This is the week…

…that I think I came to the dawning realisation that my life is not turning out how I wished.

When I was seven I wanted to be an archaeologist and that was what I became.

I clearly remember being about ten and deciding that at 21 I would have children and I would have a boy and a girl.

I didn’t find the right man to marry at that age and it was quite a bit later when we had children (eventually).

I think I imagined some sort of either uber parenting experience where I would either go to work and have someone to look after the children or; I would have a beautiful house and stay at home cooking cakes and looking after the children. In both scenarios I would be ridiculously happy and fulfilled. I have not achieved this.

I am stressed.

It’s a challenging time at work and I know deep down that whatever happens it’s time to make a change. A leap into the unknown.

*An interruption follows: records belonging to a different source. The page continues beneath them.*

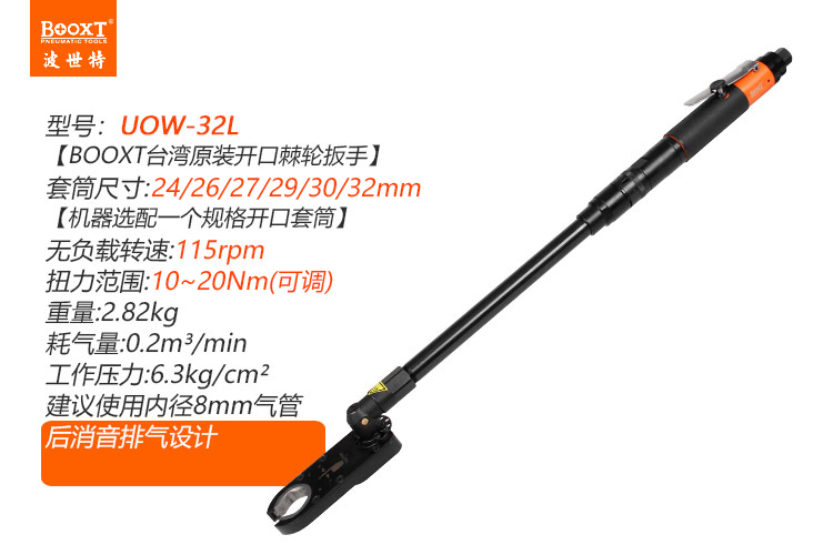 東莞市強勁五金工具有限公司提供臺灣BOOXT波世特品牌氣動工具,加長型氣動開口扳手UOW-32L廠家直銷,首件享特價。咨詢熱線:4008301980
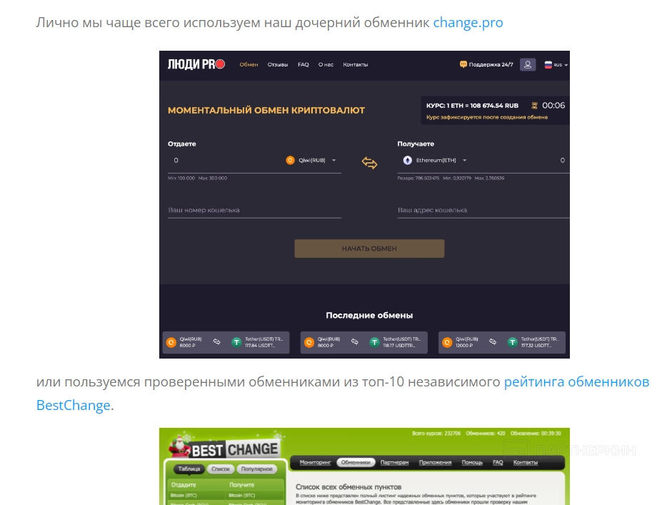 Второй способ вывода — использование кошельком и платежных систем. Например:
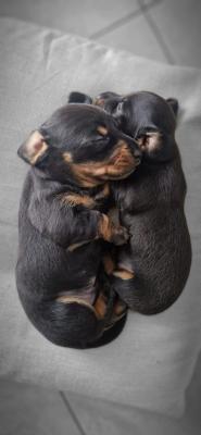 Vendesi bellissimi cuccioli di bassotto nano nero focati. Cedesi ad agosto quando avranno 3 mesi con libretto sanitario, 3 sverminazioni, vaccinato, iscrizione anagrafe canina, microchip e pedigree Enci. Cresciuti a stretto contatto con gli umani, ideale anche per coppie con bambini. Alta genealogia, genitori negativi per patologie ereditarie. Padre pluricampione.
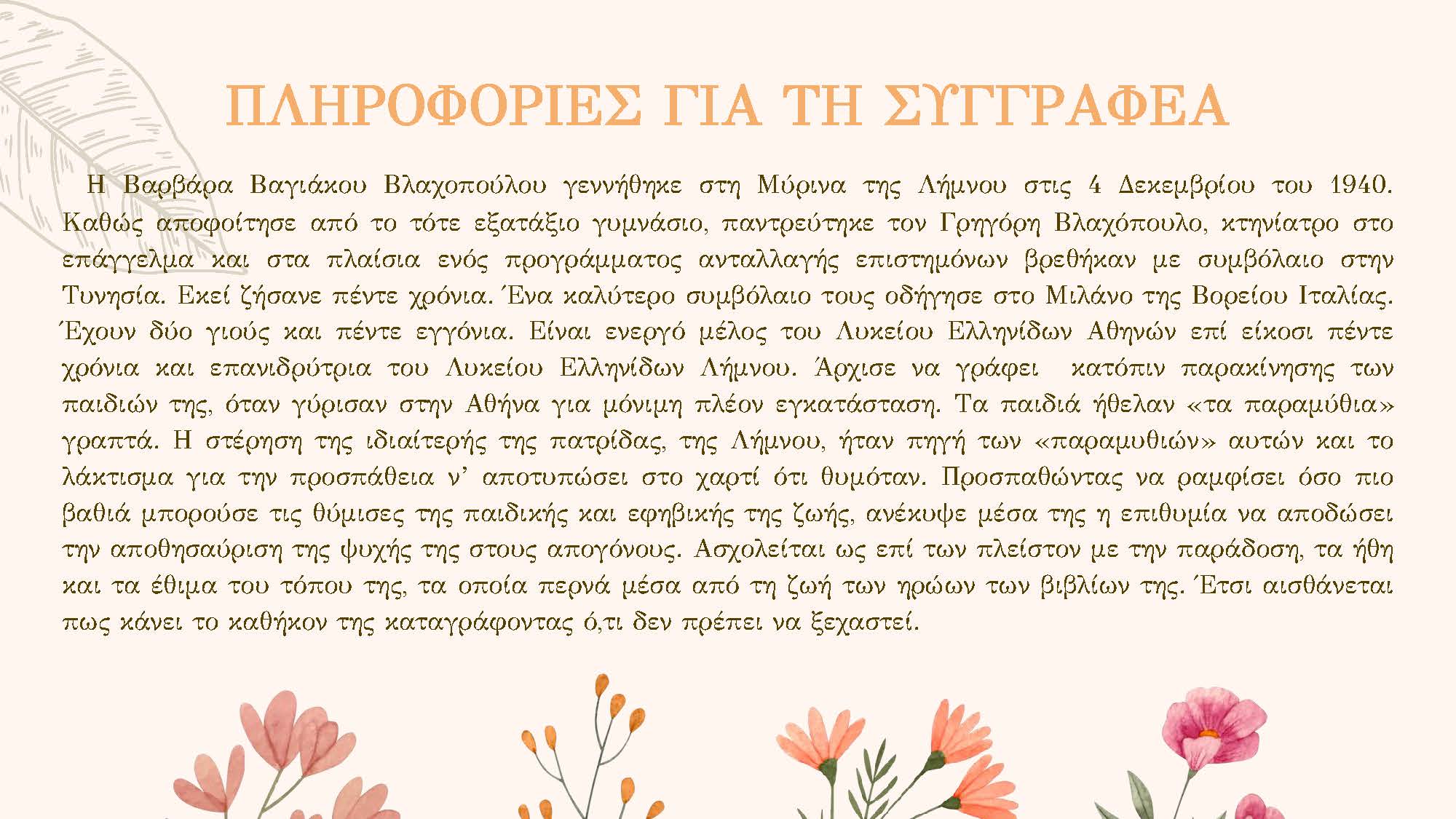 • ΠΑΡΟΥΣΙΑΣΗ ΤΟΥ ΒΙΒΛΙΟΥ ΤΗΣ ΒΑΡΒΑΡΑΣ ΒΑΓΙΑΚΟΥ – ΒΛΑΧΟΠΟΥΛΟΥ «ΤΙ ΑΡΩΜΑ ΦΟΡΑΣ, ΓΙΑΓΙΑ;»
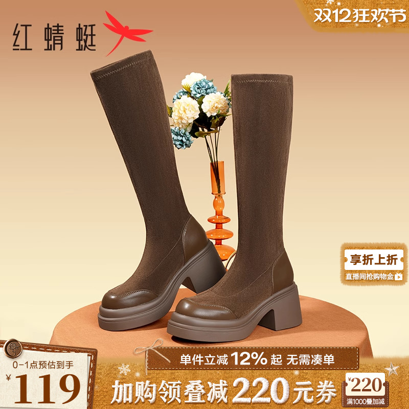 红蜻蜓长筒靴女冬季女靴高筒靴厚底棕色靴子不过膝弹力瘦瘦靴长靴
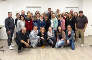 Ursula Funke, Einrichtungsleiterin und Koordinationsfachkraft des Sternenweg-Hospizdienstes und Denise Göckeler von der Jobkontakstelle (JoKa) hießen stellvertretend für alle Dienste im Haus die Besucher und Besucherinnen willkommen. „Nun schon seit einem Jahr sind hier alle Dienste des Caritashauses zusammengewachsen und verrichten den Dienst am Menschen“, zog Ursula Funke die Bilanz der gemeinsamen Arbeit in der Stembergstraße.
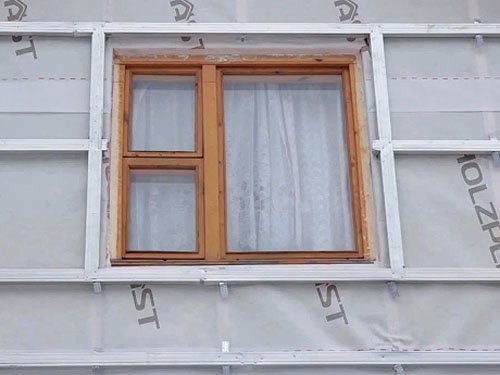 Същият проблем възниква и при стените. Въпреки факта, че сайдинг панелите са монтирани с припокриване, в случай на силен вятър, дъждовната вода все още попада под облицовката през пукнатините. Ако има хидроизолация, влагата тече надолу, без да уврежда конструкцията. Следователно външната декорация на сградата изисква вентилационна междина от 20-30 мм за полагане на изолационния материал.
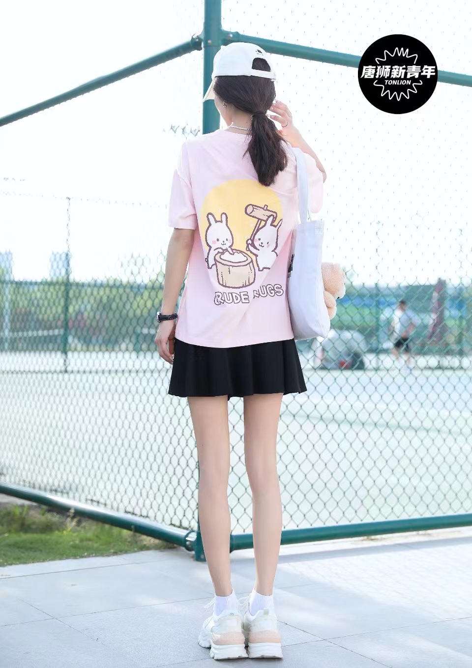 卖点:后背小兔子砸年糕图案趣味十足,冰氧酷面料,亲肤透气,自带凉感,手感柔软,洗涤不变形。宽松版型落肩设计更好的修饰肩型,包容性强胖瘦都适合。
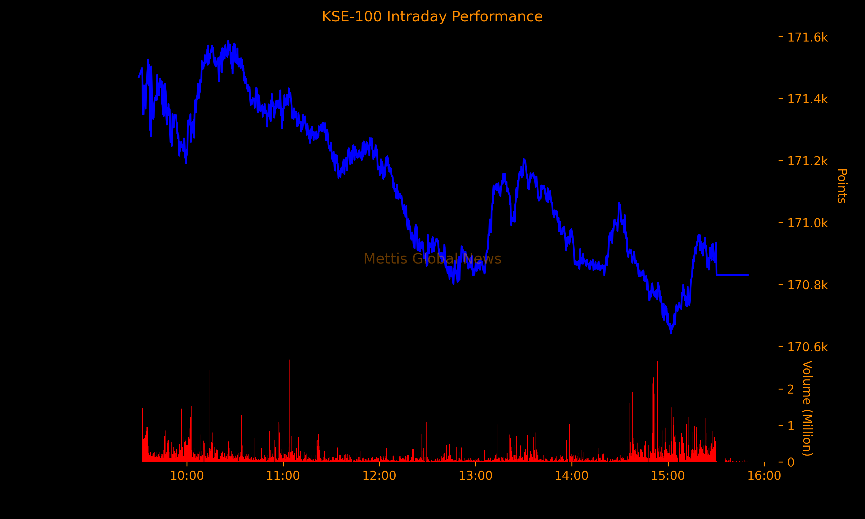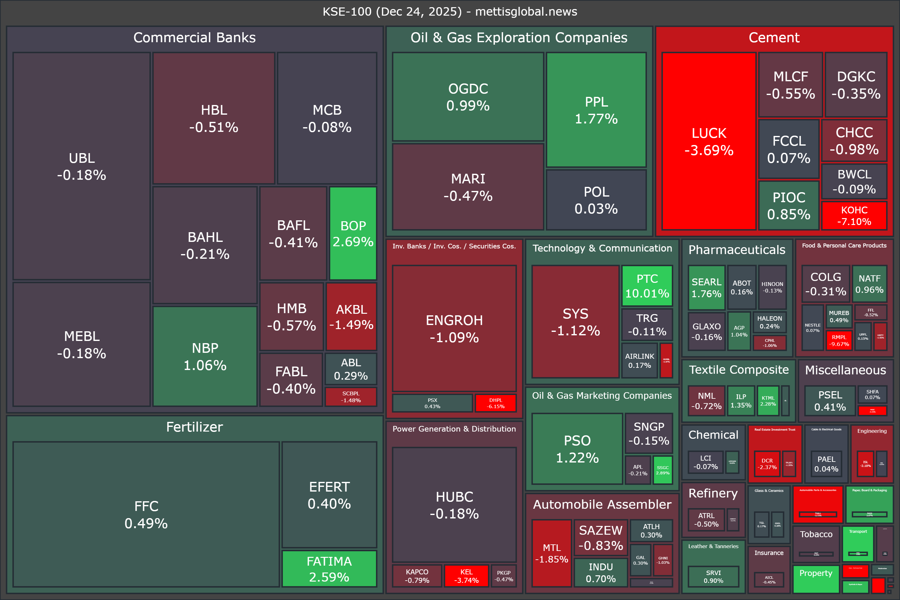 December 24, 2025 (MLN): The benchmark KSE-100 Index concluded Wednesday's trading session at 170,830.22, showing a decrease of 243.51 points or 0.14%.
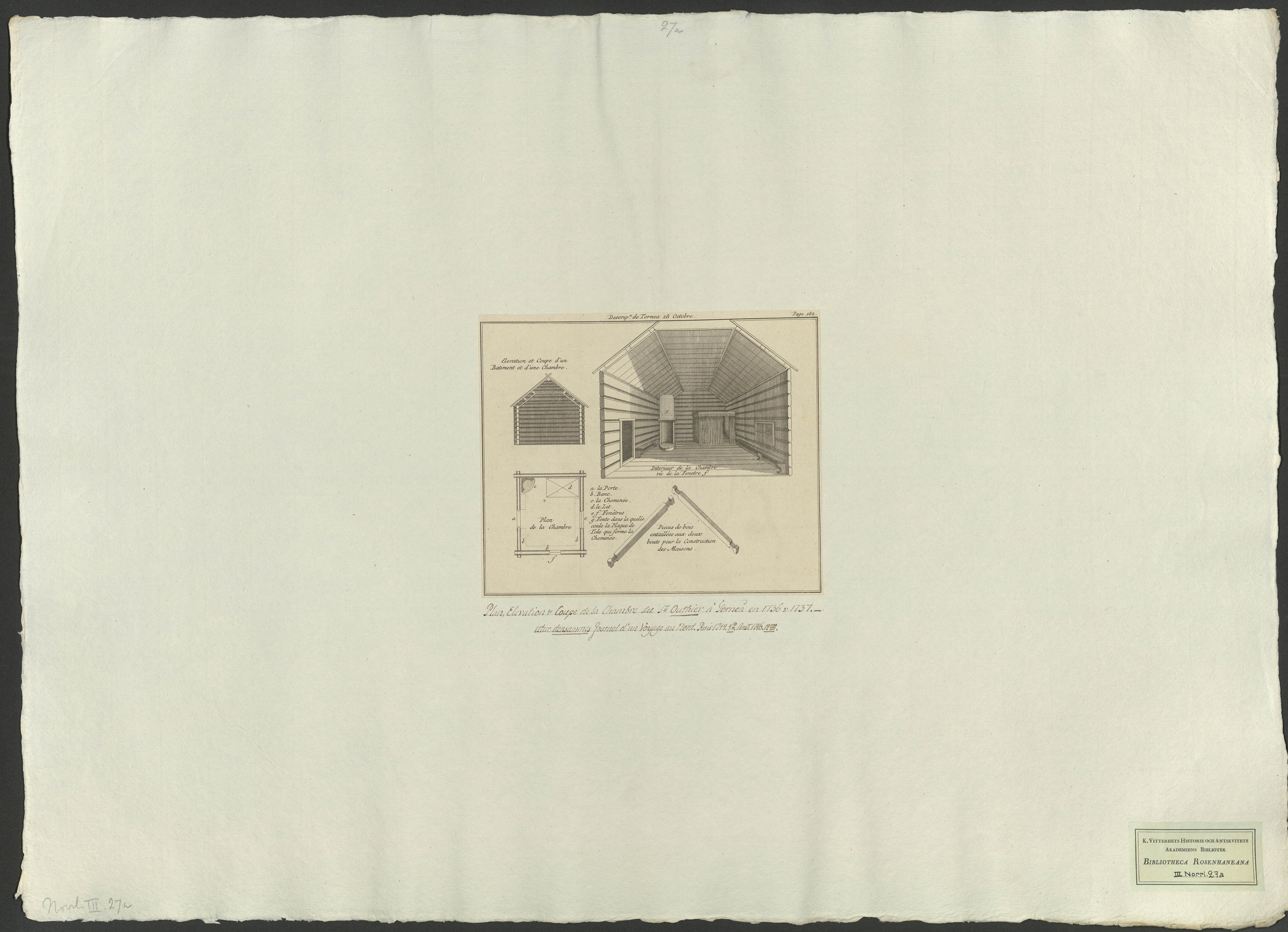 Beskrivning: 1 grafiskt bl. : Interiör, plan och detaljritningar av det timmerhus som Outhier bodde i under sin vistelse i Torneå. Med teckenförklaring.
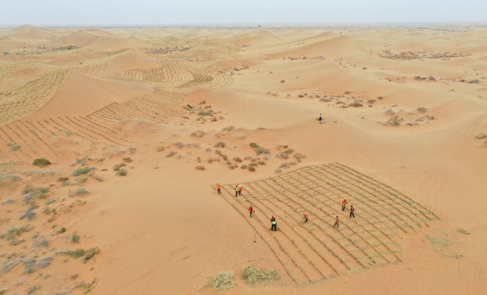 2024年4月27日,治沙工人在內(nei) 蒙古阿拉善左旗騰格裏沙漠S315沿線固沙工程現場用稻草紮草方格(無人機照片)。

We need a certain amount of cash, I do relish the company of adults.

My brain is full of noise, I cant concentrate on enjoying my children. I spend my weekends doing housework and organising things for the week ahead. This is not fun.

I enjoy doing activities with my children and I worship them. I don’t feel that I am doing my best for them, as I am not mentally there with them.

This is the week where I have had a moment; one of those pivotal minutes in time when I know deep down that things need to change. I need to change my attitude, I am set in my ways.

I like consistency, I have sat at the same desk for nearly a third of my life. I feel content with this. I feel slightly ashamed by this. My children and my husband should be my priority, my happiness will have an impact on their happiness. I am a bit selfish.

I have begun a new journey, but at the same time, it’s just where to begin it…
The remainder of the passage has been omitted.